I'll be spinning this CD, my only recording of the "Liturgique":










Mariss Jansons / Oslo PO


----------



## techniquest (Aug 3, 2012)

Wow - what a wonderful conclusion to the symphony; after all that relentless stomping and noise, the whole lot collapses and a lovely gentle sequence of chords ends the work. I like it 
By the way, mine's the Dutoit recording, so I'd be interested to hear the piece played by someone else just to compare.


----------



## GreenMamba (Oct 14, 2012)

I'm also not familiar with this symphony. I found one of the movements excerpted on this album, so I assume H. wrote it as Halloween music. 









But I settled on *Jansons and the Concertgebouw *(courtesy of Spotify).


----------



## TurnaboutVox (Sep 22, 2013)

*Arthur Honegger

Symphony no 3 "Liturgique". H 186 (1946) *
Takuo Yuasa, New Zealand Symphony Orchestra [Naxos, 2004]

I have known Honegger's string quartets and 'Pacific 231' for a long time so yes I knew about his trainspotting activities 
I found this version to be very enjoyable (on Spotify), but I don't have anything to compare it with, not having heard the third symphony before.


----------



## AClockworkOrange (May 24, 2012)

Mahlerian said:


> Bavarian Radio Symphony/Dutoit
> 
> 
> 
> ...


I found this recording of Symphony No. 3 on YouTube and I enjoyed the performance, enough to purchase it.

Aside from this SS, Dutoit's Symphonies 4 and 5 were on YouTube which resulted in an easy purchase.

I'll be listening to No.3 much more now I can listen through my Hi-Fi as opposed to computer speakers.

I just can't believe I had not heard of Honegger until this thread was started & I followed Jeff W's link.
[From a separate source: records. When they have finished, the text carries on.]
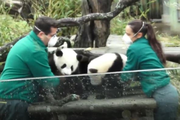 Šestomesečni blizanci džinovske pande, Joujou i Đijuđiju prvi put su se u ponedeljak pojavili u javnosti na proslavi 50. godišnjice Madridskog zoološkog vrta u Španiji.
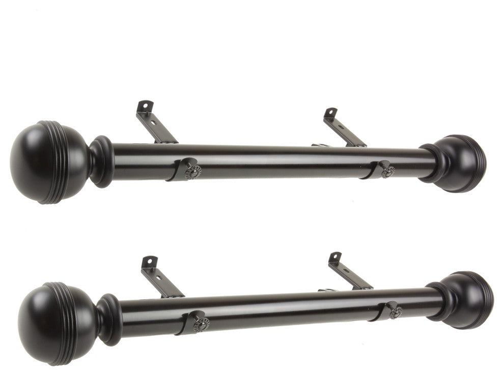 Jovian 1.5" dia. Side Curtain Rod 12-20 inch long (Set of 2), Black
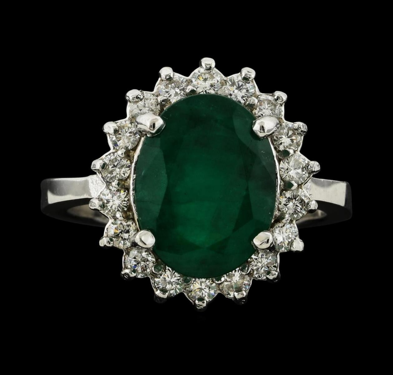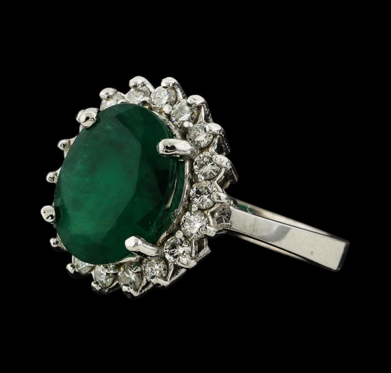 One electronically tested 14KT white gold lady's cast fashion ring with a basket halo with a bright polish finish. The featured lady's ring has a shank measuring 2.60 millimeters wide. Identified with markings of '14K'. Condition is new, good workmanship. Containing: One prong set oval modified mixed cut natural emerald, measuring 11.80 x 9.05 x 5.10mm, (depth est.) 15%. bulge factor, approximate weight of 3.75ct., clarity is heavily included, medium dark, moderately strong, green color, (GIA G 6/4), cut is good. Transmitting light somewhat diffusely, semi-transparent to translucent. Indications of oil residue. Naturally occurring internal & external characteristics are present. Colored gemstones are presumed to have been subjected to commonly used enhancement processes. Graded in the setting. Eighteen prong set round brilliant cut diamonds, measuring 2.10 - 2.00 x 1.23mm (depth est.) approximate total weight of 18 Stones = 0.56ct. Graded in the setting. Clarity SI-1 to SI-3. Color: G - H Cut Good. Total Weight of Colored Stones 3.75ct.. Total Weight of Diamonds 0.56ct.. Total Weight of Ring 6.00gm. GAS Appraised.
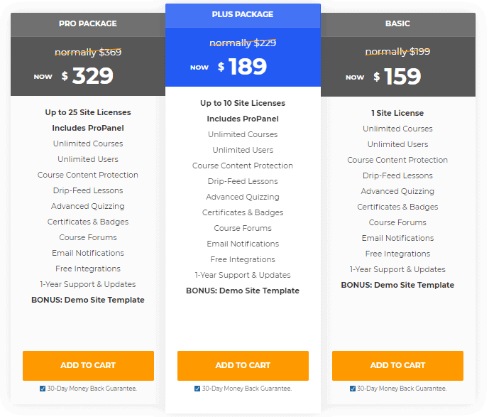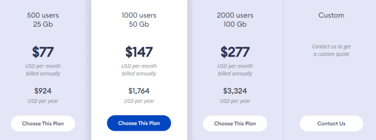 Zippy Courses has different plans available for you. The major differences are the number of admin users and limitations on emails per month and file storage or transfer.

These Saturday Symphonies threads are truly invaluable.


----------



## realdealblues (Mar 3, 2010)

I ended up listening to my Karajan recording twice over the weekend. It's an interesting Symphony and I enjoyed it, but I think it will take a few more listens to really sink in. Probably just the way I heard it, but to me, it kind of starts out somewhere in land of Debussy and ends somewhere in the realms of Brahms. Kind of neat anyway.


----------



## Andreas (Apr 27, 2012)

Great to see the Honegger picked and getting such positive feedback. He's one of my favourite conposers of the 30s and 40s, writing, like Barber, Hindemith and late Roussel, wonderful symphonies in a time when the last ones by Mahler and Sibelius had, apparently, closed the book on that form. The Honegger 3 is great, though I like his 2nd even more, especially the finale.


----------